By 1985, living in Colombia, my wife’s country, as a freelance
documentary photographer and writer, I had seen my income shrink worryingly. So
much so that I considered emigrating back to the United States, where I had lived
previously for 12 years. But I found it hard to throw the towel. Instead I
self-published a photo book on the region I lived in, the Cauca Valley, and it was
an instant best-seller. At least by Colombian standards. This pushed me to self-publish
eight more books on Colombia, one a year, all of which sold well.
http://victorenglebert.photoshelter.com/gallery/My-Photo-Books/G0000dR9HYikKM1E/
In 1995, as I was ready to go to press with a new photo book, on Ecuador
this time, that country got involved in a war with Peru, its economy collapsed,
and book sales ended overnight, leaving me with material that had cost me
dearly and would never see publication. Coincidentally, Colombia was going
through financial and insecurity hell. And book stores there stopped paying me for
the few books they were still selling.
Not only that, but kidnapping for ransom had become a very real threat,
for myself and for my family, and many Colombians left the country for safer
ones.

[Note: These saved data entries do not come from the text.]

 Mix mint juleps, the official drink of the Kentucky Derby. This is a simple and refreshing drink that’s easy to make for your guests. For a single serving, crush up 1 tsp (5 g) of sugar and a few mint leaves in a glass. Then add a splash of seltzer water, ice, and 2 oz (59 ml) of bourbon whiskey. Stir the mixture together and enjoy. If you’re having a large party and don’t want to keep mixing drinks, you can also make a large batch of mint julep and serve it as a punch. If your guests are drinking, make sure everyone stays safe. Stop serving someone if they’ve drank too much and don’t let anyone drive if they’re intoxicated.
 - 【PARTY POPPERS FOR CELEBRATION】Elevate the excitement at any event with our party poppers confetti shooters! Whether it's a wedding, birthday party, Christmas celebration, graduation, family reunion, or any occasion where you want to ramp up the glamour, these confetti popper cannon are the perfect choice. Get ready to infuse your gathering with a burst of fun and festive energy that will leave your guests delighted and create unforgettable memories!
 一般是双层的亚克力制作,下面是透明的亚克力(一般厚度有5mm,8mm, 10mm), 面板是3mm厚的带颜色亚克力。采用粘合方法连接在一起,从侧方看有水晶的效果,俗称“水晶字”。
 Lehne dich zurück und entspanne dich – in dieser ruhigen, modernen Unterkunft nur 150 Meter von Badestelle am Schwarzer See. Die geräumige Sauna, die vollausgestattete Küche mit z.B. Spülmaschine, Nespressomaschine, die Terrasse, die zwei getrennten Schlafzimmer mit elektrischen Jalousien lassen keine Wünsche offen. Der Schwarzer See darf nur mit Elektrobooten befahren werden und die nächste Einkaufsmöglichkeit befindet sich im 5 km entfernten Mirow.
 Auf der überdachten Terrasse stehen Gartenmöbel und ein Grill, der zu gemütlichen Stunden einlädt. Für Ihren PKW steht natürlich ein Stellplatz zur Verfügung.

I could no longer travel safely around Colombia. Worst of all, the color
slides I mailed to American publishers in response to requests had stopped getting
back to me and I was losing hundreds of my best pictures.
The reason was that the drug mafia had started using registered mail to
send huge amounts of hundred dollar bills back from the U.S. Registered mail had been the way my color
slides had traveled between Colombia, the U.S., and the world. After some post
office employees discovered dollars in the mail, the word went around and registered
mail from the U.S. stopped being delivered. It was opened at the post offices and
then thrown away—without the dollars but with my color slides.

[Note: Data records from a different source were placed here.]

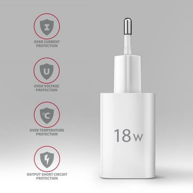 The AXAGON ACU-QC18W USB wallcharger is designed for charging mobile devices. With 18W of maximum power, the charger charges phones, tablets and other mobile devices at the highest possible speed. The adapter offers a standard USB-A connector.<br><br>The charger is equipped with Quick Charge 3.0 USB Type-A enabling fast charging of smartphones and tablets with a power of up to 18W. The adapter is also compatible with other fast phone charging standards such as Apple iPhone, iPad, Samsung, Huawei, Honor, Xiaomi, Motorola and other.<br><br>The advanced protection system at the charging adapter output protects the device being charged from damage. The charger function also detects the device being charged and selects the optimal charging speed and progress.<br><br>The body of the power adapter has a pleasant shape and compact size. The combination of small dimensions and a wide range of input voltages, makes the charger an ideal travel helper.<br><br>Input:<br>• input voltage AC 100V-240V / 0.4A / 50-60 Hz (function WIV), supports multiple national power standards<br>• two-pin euro plug - integrated in the body of the charger<br><br>Output:<br>• USB-A port QC (phones) max. 18W: 5V/3A, 9V/2A, 12V/1.5A<br>• Charging technology: QC 3.0, QC 2.0, AFC, FCP, SMART, Apple 2.4A<br><br>Maximum power:<br>• maximum power 18W<br>• maximum current 3A <br><br>Supported charging technologies:<br>• Standard charging of all devices that support 5V and Apple iPhone 5, 6, SE, 7 charging. <br>• SMART - charging max. 5V/3A, Quick Charge 1.0, USB Battery Charging 1.2 (DCP 1.5A) and Apple 2.4A (iPad).<br>• FCP - quick charging using Huawei Fast Charge Protocol.<br>• AFC - quick charging using Samsung Adaptive Fast Charging protocol.<br>• QC - quick charging using Qualcomm Quick Charge 2.0, Quick Charge 3.0.<br><br>The charger supports WIV, AIC and CC functions:<br>• Wide Input Voltage - function of a wide range of input voltage; it protects the adapter against undervoltage and overvoltage at the input and allows the use of more “national power standards”.<br>• Automatic Intelligent Communication - function of automatic recognition of the connected device to select optimal charging parameters.<br>• Constant Output Current - the current hold function prevents the output power fluctuations; this function ensures steady course of charging.<br><br>Complex output protection: OCP, OVP, OTP, OSP: <br>• Over Current Protection. Protection of output against current overload.<br>• Over Voltage Protection. Protection against overvoltage at the output.<br>• Over Temperature Protection. Protection against overheating of the adapter.<br>• Output Short Circuit Protection. Short circuit protection at the output.<br><br>Other features:<br>dimensions of the charger body 79 x 42 x 27 mm including a plug,<br>• weight: 47 g,<br>• material: non-flammable plastic.<br><br>Package contains:<br>• white wall charger,<br>• multilingual guide CZ / DE / DK / ENG / ESP / FIN / FR / GR / HR / HU / IT / NL / PL / PT / RO / RU / SK / SWE / TR / BG / CN / ARA,<br>• packed in a cardboard box with a hanging hole.Axagon ACU-QC18W. Charger type: Indoor, Power source type: AC, Charger compatibility: Mobile phone, Smartphone, Smartwatch, Tablet, Universal. Input voltage: 100 - 240 V. USB 2.0 ports quantity: 1, Fast charging, Power protection features: Over voltage, Overheating, Overload, Short circuit, Under voltage. Product colour: White
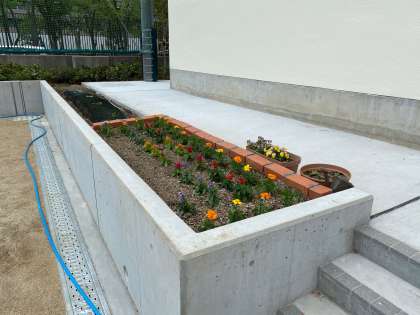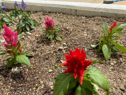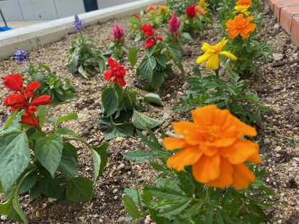 5号館脇の特別支援学級の花壇では、色とりどりの花が咲いています。
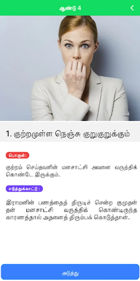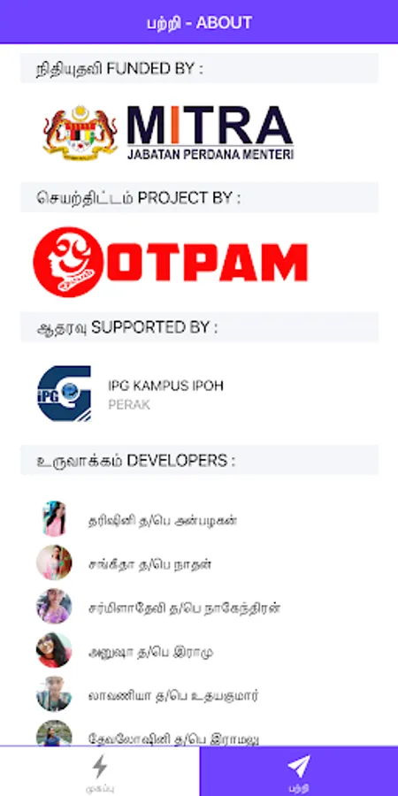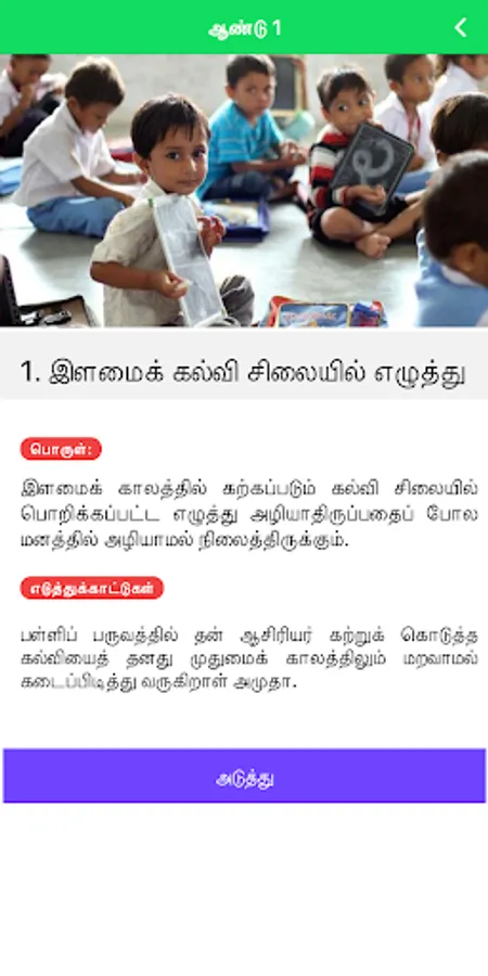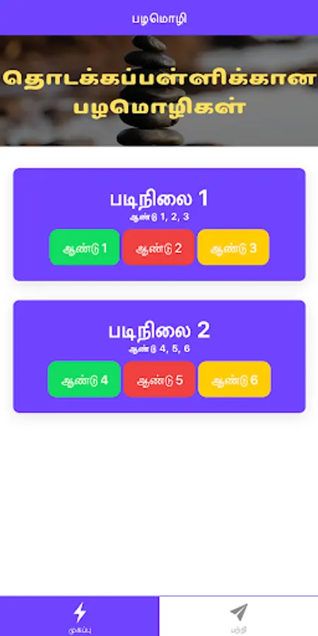 With this, we would like to highly recommend that this app named ìPazlamozhi Proverbsî and it is suitable to all users, especially for Tamil school students from year 1 to year 6 which gives an opportunity to know pazhamozhi and to create an improvement among Tamil school students. This app has made based on textbook syllabus. However the pazhamozhi and it's meaning is taken from ìIllakana, Illakaya & vilakuraiî in user friendly mode. This app shows and guides on the implications of proverb, description, and the best example sentence or situation are also given. With this thought, it is believed that this app will enhance the students' proverbial better understanding. If students have any proverbial doubts/difficulties on Pazlamozhi this would be a solution to act. Not only students but also teachers or anyone who has the interest can have a huge benefit from this app. Moreover, We are aware that the situations and grammar of literature are based on proverbs and their interpretation. In addition, we have also added coloured pictures based on each pazhamozhi. It is important to note that all this is meant to clarify users' doubts

Even if that had not happened, something else had started making my work
impossible in Colombia. The last few packages that had still been returned to
me came back with most of the color slides perforated. Attempting to stop the flow
of cocaine, American or Colombian authorities must have passed needles through
the packages to check if any white powder would stream out.
Emigration was again on the table, and this time it was impossible to
avoid, even though my wife, Martha, and our two teenage sons rebelled against
the idea of abandoning what had been an idyllic life. I hated the idea too, for
I had been very happy there myself. And I had already lived in several
countries—Belgium, where I was born and raised; Germany; the former Belgian Congo,
Canada, and the U.S. But our sons, 18 and 19, spent their weekends out late at
night when streets were most dangerous. If anything happened to them I would
have to blame myself for it. I could not stand the thought of it. Anyway, how
would I maintain our way of life without an income?

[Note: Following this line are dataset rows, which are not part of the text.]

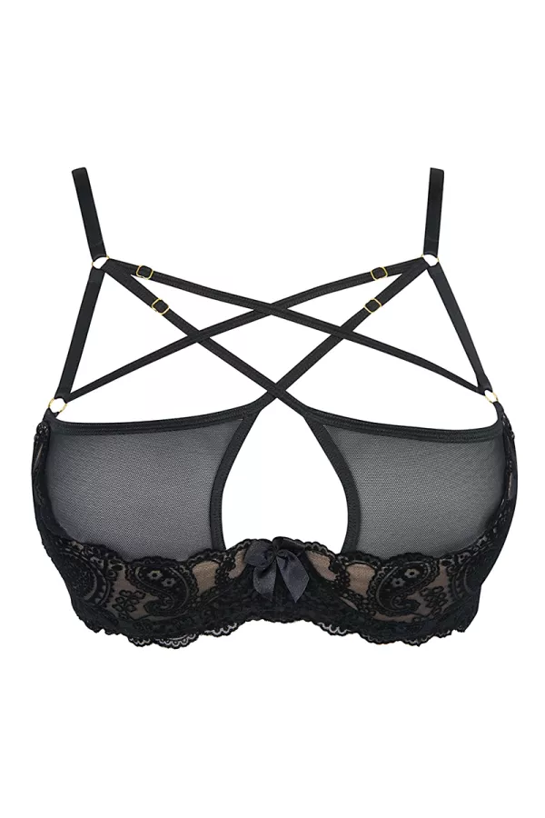 This bra plays with the transparency but also with the lines thanks to its adjustable straps that divide in 3 to the front and cross over the top of the chest. Back closure by 3-position staples.
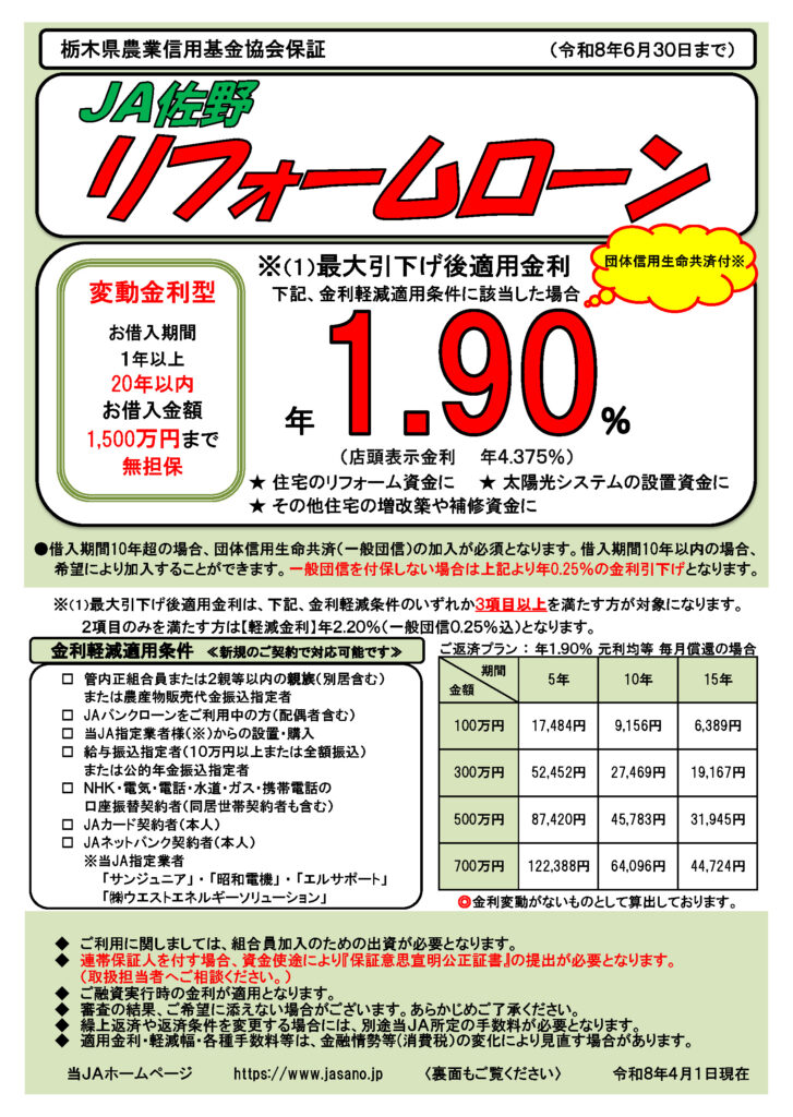 栃木県農業信用基金協会保証 リフォームローンキャンペーン
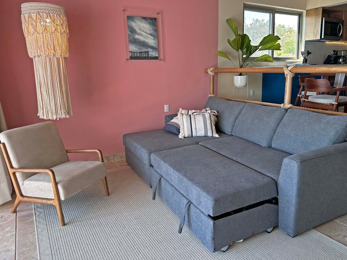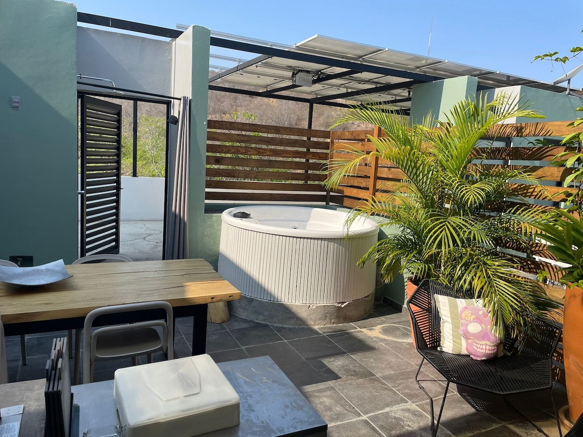 ¿Buscas una escapada tranquila o un lugar para trabajar de forma remota (conexión wifi rápida Starlink de 120-250 mbps) cerca de la playa y la ciudad en un apartamento cómodo, moderno y bien equipado? Este es el lugar para tí. Tus anfitriones hablan español e inglés y pueden conectarte con tus intereses… música, cocina, observación de aves, surf, clases de español… Avísanos. ¡Estamos deseando compartir Huatulco contigo! (Hay dos dormitorios separados y un loft con cama tamaño king y escritorio para usar como oficina).
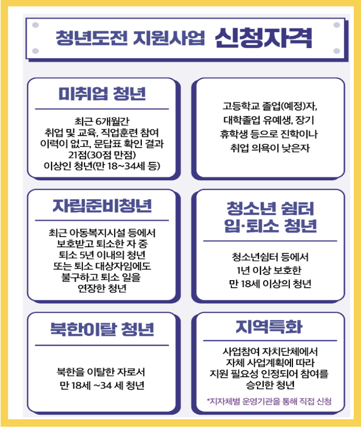 - 구직단념 청년: 6개월 이상 취업 및 교육(직업훈련) 참여 이력이 없고 구직단념청년 문답표 21점(30점 만점) 이상 인 청년(만 18세~34세 등)

Once again, however, everything turned better after arriving in the
U.S.. Jean-Pierre and Philippe went to university in Philadelphia and ended up
with jobs and incomes they could not have dreamed of, had they graduated in Colombia. And I got back in
business, traveling the world again, not just Latin America. Poor Martha was
the great loser. She lost her domestic help and her many friends. But like our
sons, and for the sake of them, she ended up accepting the wisdom of our move.